ITU-T’s family of full reference objective voice quality measurements started in 1997 with Recommendation ITU-T P.861 (PSQM), which was superseded by ITU-T P.862 (PESQ) [5] in 2001. P.862 was later complemented with Recommendations ITU-T P.862.1 [6] (mapping of PESQ scores to a MOS scale), ITU-T P.862.2 [7] (wideband measurements) and ITU-T P.862.3 [8] (application guide). The first edition of ITU-T P.863 (POLQA) [2] entered into force in 2011. An Application guide for Recommendation ITU-T P.863 was approved in 2019 and published as ITU-T P.863.1. [9]

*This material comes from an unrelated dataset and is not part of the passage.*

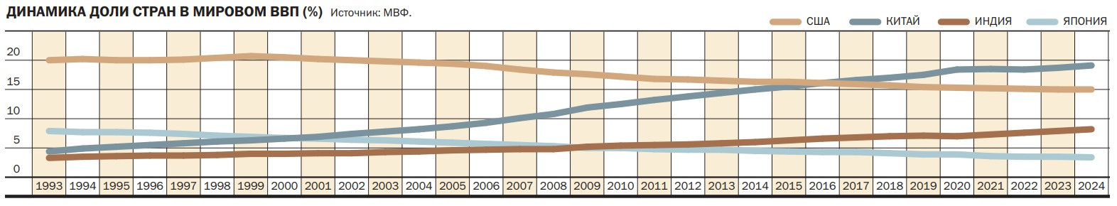 Доля Соединенных Штатов, которая в 1999 году составляла около 21% мирового ВВП, к настоящему времени упала до 15%. Вместе с тем доля Китая выросла с 4,4% в 1993 году до 19,1% в 2024 году, а доля Индии за то же время — с 3,3% до 8,2%. При расчете ВВП более традиционным способом, на основе обменного курса валют, результаты были бы иными. Однако применение ППС больше подходит для межстрановых сопоставлений, даже несмотря на то что этот метод тоже не исключает погрешностей в оценках. Именно поэтому сравнение различных экономик по ППС было принято на вооружение различными институтами, включая Всемирный банк.

In addition to the above listed full reference methods, the list of ITU-T’s objective voice quality measurement standards also includes ITU-T P.563 [10] (no-reference algorithm).

Testing typology

POLQA, similar to P.862 PESQ, is a Full Reference (FR) algorithm that rates a degraded or processed speech signal in relation to the original signal. It compares each sample of the reference signal (talker side) to each corresponding sample of the degraded signal (listener side). Perceptual differences between both signals are scored as differences. The perceptual psycho-acoustic model is based on similar models of human perception as MP3 or AAC. Basically, the signals are analysed in the frequency domain (in critical bands) after applying masking functions. Unmasked differences between the two signal representations will be counted as distortions. Finally, the accumulated distortions in the speech file are mapped into a 1 to 5 quality scale as usual for MOS tests. FR measurements deliver the highest accuracy and repeatability but can only be applied for dedicated tests in live networks (e.g. drive test tools for mobile network benchmarks).

POLQA is a full-reference algorithm and analyzes the speech signal sample-by-sample after a temporal alignment of corresponding excerpts of reference and test signal. POLQA can be applied to provide an end-to-end (E2E) quality assessment for a network, or characterize individual network components.

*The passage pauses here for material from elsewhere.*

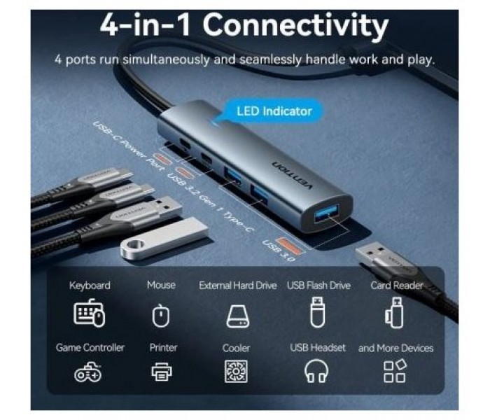 Hub USB 3.0 Vention TGFSB/ 3xUSB/ 1xRJ45/ 1xUSB Tipo-C PD/ AzulVention USB 3.0 a USB 3.0 x 3/RJ45/USB-C HubAmplíe su estación de trabajo con el concentrador USB 3.0 5 en 1 de Vention. Mejore sus niveles de productividad y organice su espacio de trabajo de manera eficiente con el elegante y extraordi..

POLQA results principally model mean opinion scores (MOS) that cover a scale from 1 (bad) to 5 (excellent).

Description of the POLQA algorithm

The inputs to the algorithm are two waveforms represented by two data vectors containing 16 bit PCM samples. The first vector contains the samples of the (undistorted) reference signal, whereas the second vector contains the samples of the degraded signal. The POLQA algorithm consists of a temporal alignment block, a sample rate estimator of a sample rate converter, which is used to compensate for differences in the sample rate of the input signals, and the actual core model, which performs the MOS calculation. In a first step, the delay between the two input signals is determined and the sample rate of the two signals relative to each other is estimated. The sample rate estimation is based on the delay information calculated by the temporal alignment. If the sample rate differs by more than approximately 1%, the signal with the higher sample rate is down sampled. After each step, the results are stored together with an average delay reliability indicator, which is a measure for the quality of the delay estimation. The result from the re-sampling step, which yielded the highest overall reliability, is finally chosen. Once the correct delay is determined and the sample rate differences have been compensated, the signals and the delay information are passed on to the core model, which calculates the perceptibility as well as the annoyance of the distortions and maps them to a MOS scale. A much more detailed and comprehensive description of the algorithm can be found in. [2] The next few sections are only intended to give an overview on the basics of POLQA’s internal structure.

The core model

The main element of the core model is the perceptual model which is calculated four times using different parameters in order to cope with different major distortion types. Those distortion types can be split into additive distortions and subtracted distortions. For both types a further distinction is made between very strong and weaker effects. The inputs to the perceptual models are waveforms and the delay information. The output is the Disturbance Density, which is a measure for the perceptibility of distortions in the signals. The perceptual model for the main branch also produces indicators for Frequency distortions, Noise and Reverberation distortions. A subsequent switch which is triggered by a detector for very strong distortions reduces the four Disturbance Density values down to two, one for added and one for subtracted distortions. So far the Disturbance Density is an indicator for the perceptibility of distortions only and cognitive effects are not yet taken into account. Cognitive aspects are however important when human beings are asked to score the quality of what they can perceive. Essentially they convert the perceptibility measure Disturbance Density into an annoyance measure. This conversion is performed by correcting the Disturbance Density values for situations with:

Two further indicators, one for spectral flatness and one for level variations are also calculated in this step.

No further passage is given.